Exercise data:
•••

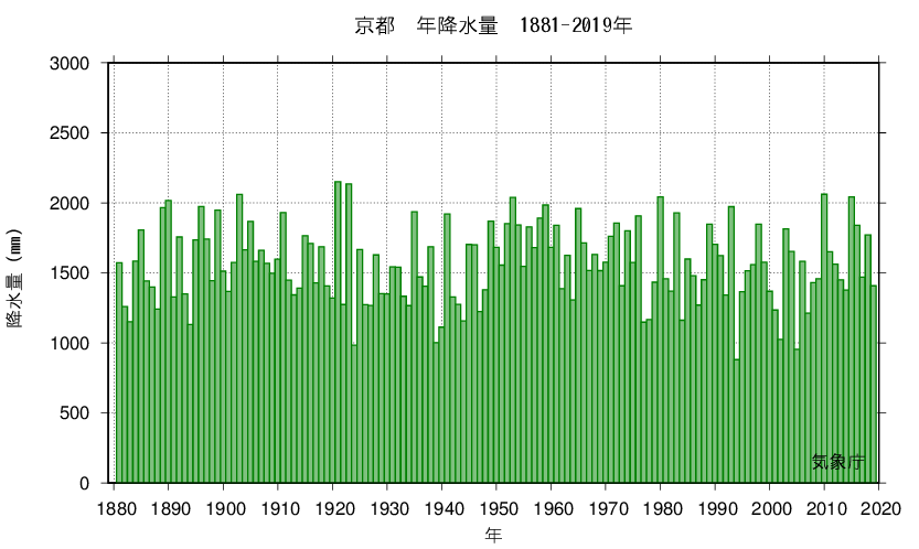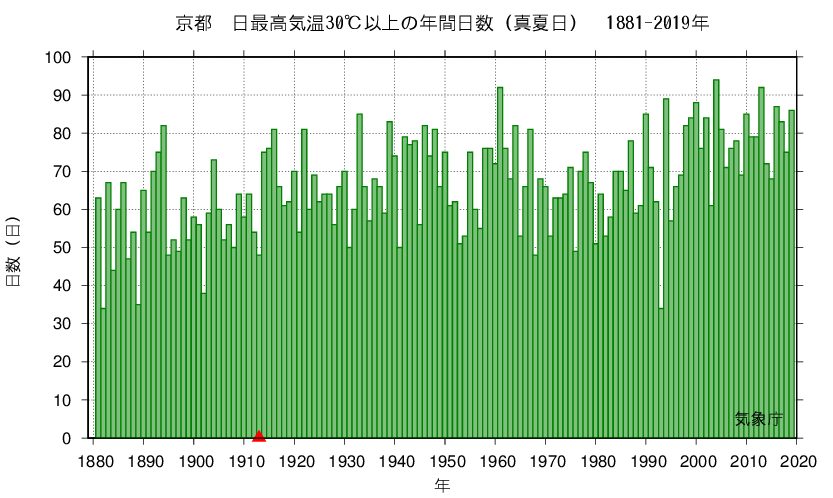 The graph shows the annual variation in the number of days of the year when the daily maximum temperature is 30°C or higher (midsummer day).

•••

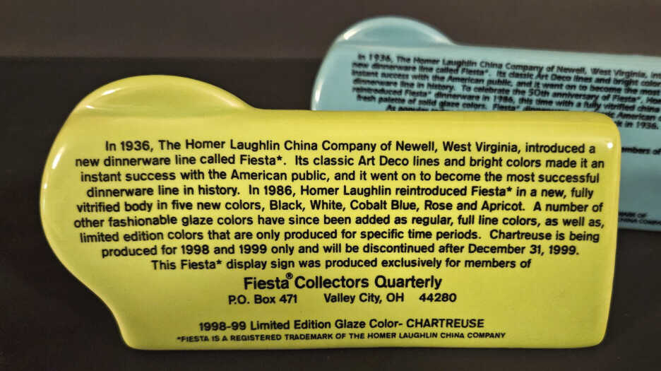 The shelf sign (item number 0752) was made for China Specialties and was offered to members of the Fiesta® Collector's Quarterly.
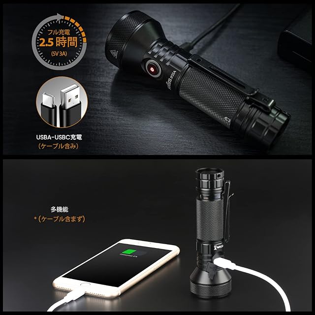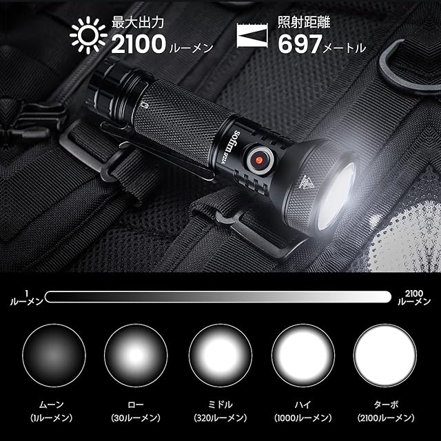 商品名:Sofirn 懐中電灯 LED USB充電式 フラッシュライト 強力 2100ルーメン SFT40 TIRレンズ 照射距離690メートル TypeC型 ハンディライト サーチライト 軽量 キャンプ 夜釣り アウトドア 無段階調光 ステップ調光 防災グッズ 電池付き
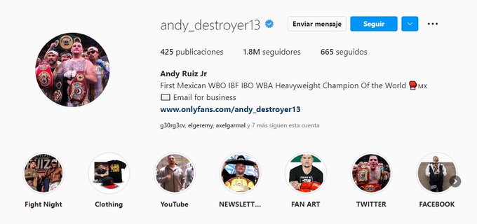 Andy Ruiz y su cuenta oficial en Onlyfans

•••

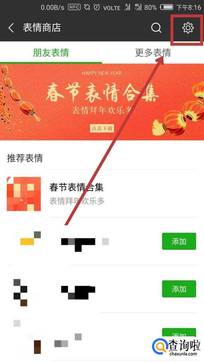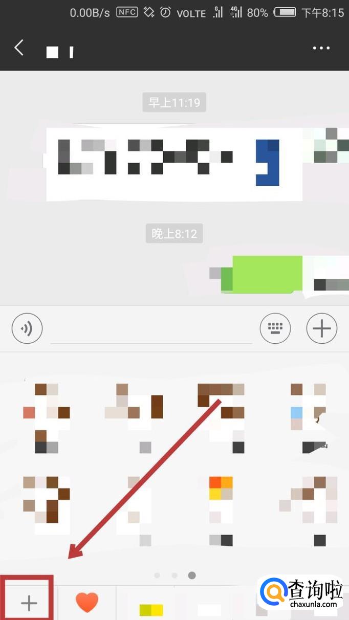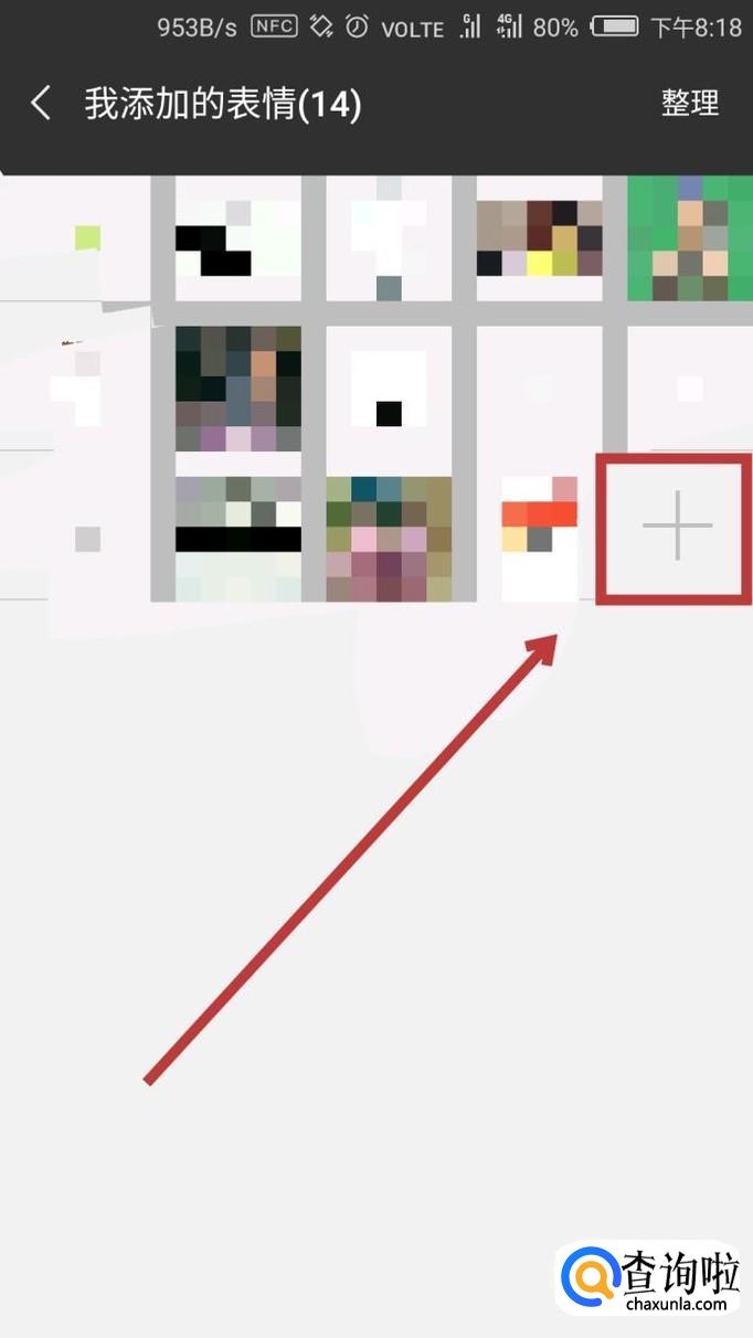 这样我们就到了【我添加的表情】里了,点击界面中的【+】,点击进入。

•••

What the task asks: Copy out the lines above from the line containing "The shelf sign" through the line containing "Andy Ruiz y su cuenta oficial en Onlyfans", exactly, and keep the pictures out.

Written response:
 The shelf sign (item number 0752) was made for China Specialties and was offered to members of the Fiesta® Collector's Quarterly.
 商品名:Sofirn 懐中電灯 LED USB充電式 フラッシュライト 強力 2100ルーメン SFT40 TIRレンズ 照射距離690メートル TypeC型 ハンディライト サーチライト 軽量 キャンプ 夜釣り アウトドア 無段階調光 ステップ調光 防災グッズ 電池付き
 Andy Ruiz y su cuenta oficial en Onlyfans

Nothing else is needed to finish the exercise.